(Beginning of DATA FOR THE TASK)

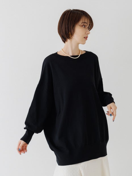 ボクシーなシルエットと長めの着丈でカジュアルに着られるニット。
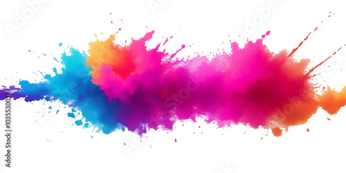 Bright colorful watercolor splash splatter stain brush strokes on white background. Modern vibrant aquarelle spot. Aquarelle explosion on white. Element. Vector watercolor illustration isolated design
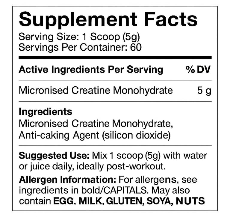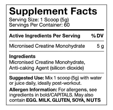 Key Actives: Micronised Creatine Monohydrate (5 g per serving)
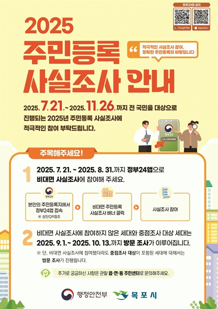 비대면 조사는 주민등록지에 거주 중인 세대원이 정부24에 접속해 사실조사 항목에 응답하는 방식으로 진행되며, 세대별 1인이 전체 세대를 대표해 응답할 수 있다.
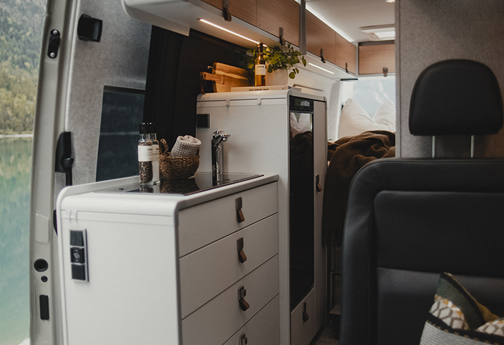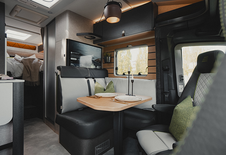 Ook hier een pakket om zelfvoorzienend te reizen. Daarin zit onder meer een standaard ingebouwd systeem met 4×80 Ah lithiumaccu’s en een 95W-zonnepaneel, waarvan optioneel nog een tweede is aan te schaffen. Verder heeft deze CrossOver-buscamper een omvormer met een continu vermogen van 1.300 W, een verswaterfilter, een 90 liter-compressorkoelkast, een 6 kW dieselkachel en een tweede toiletcassette. De vanafprijs van de Grand Canyon S CrossOver is 162.440 euro.
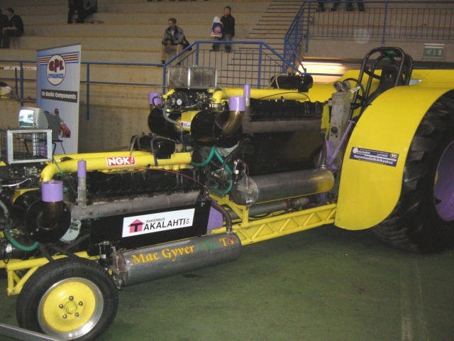 I photographed this tractor pulling monster called Mac Gyver spiced up with two 12 cyl Rolls Royce engines in Tamperee Hot Rod & Rock Show. Power !
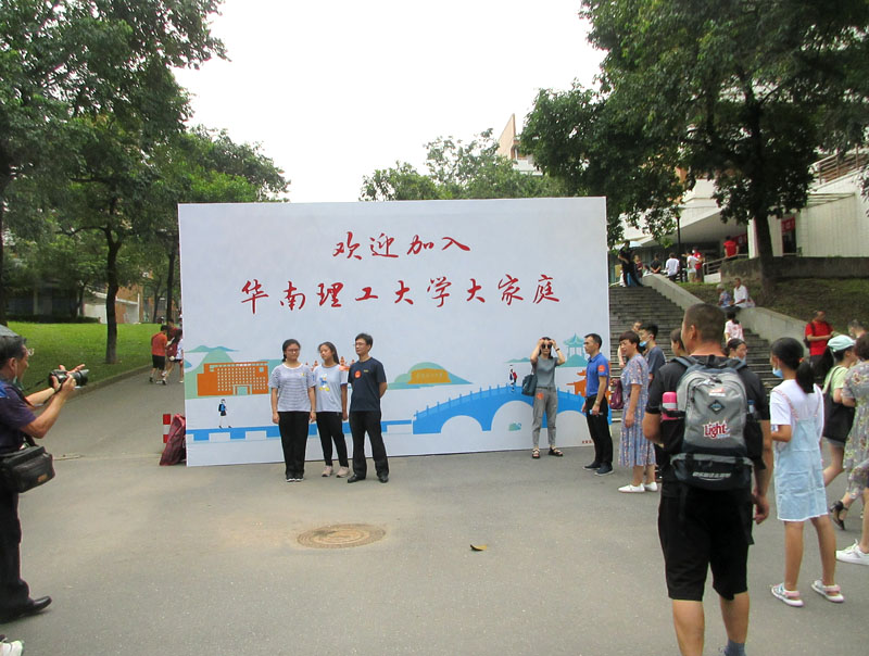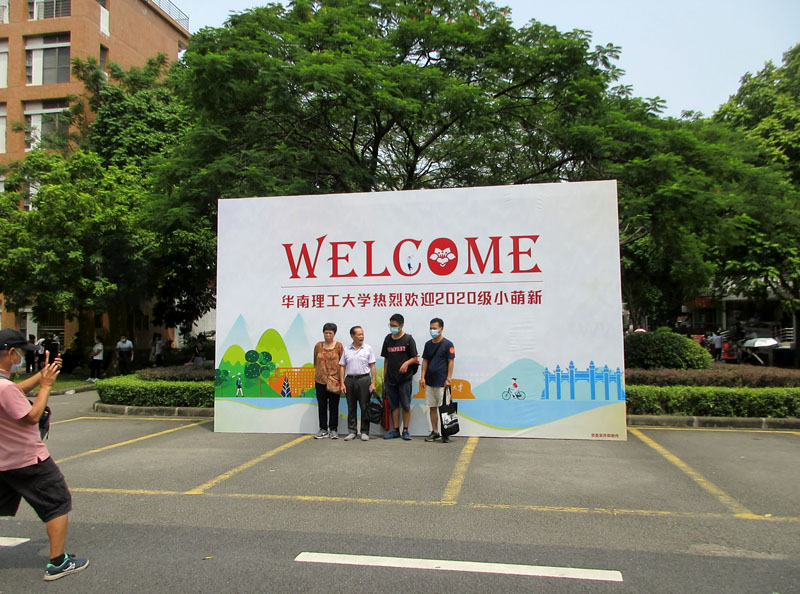| 报到日这天,生活区的迎新背景墙,也成为不少新生家长争相打卡的热点 | ||||||

(End of DATA FOR THE TASK)

Your job is to restate, word for word, only the lines from the one holding "Ook hier een" through the end of the material; pictures stay out.

• _SOLVED PROBLEM_
 Ook hier een pakket om zelfvoorzienend te reizen. Daarin zit onder meer een standaard ingebouwd systeem met 4×80 Ah lithiumaccu’s en een 95W-zonnepaneel, waarvan optioneel nog een tweede is aan te schaffen. Verder heeft deze CrossOver-buscamper een omvormer met een continu vermogen van 1.300 W, een verswaterfilter, een 90 liter-compressorkoelkast, een 6 kW dieselkachel en een tweede toiletcassette. De vanafprijs van de Grand Canyon S CrossOver is 162.440 euro.
 I photographed this tractor pulling monster called Mac Gyver spiced up with two 12 cyl Rolls Royce engines in Tamperee Hot Rod & Rock Show. Power !
| 报到日这天,生活区的迎新背景墙,也成为不少新生家长争相打卡的热点 | ||||||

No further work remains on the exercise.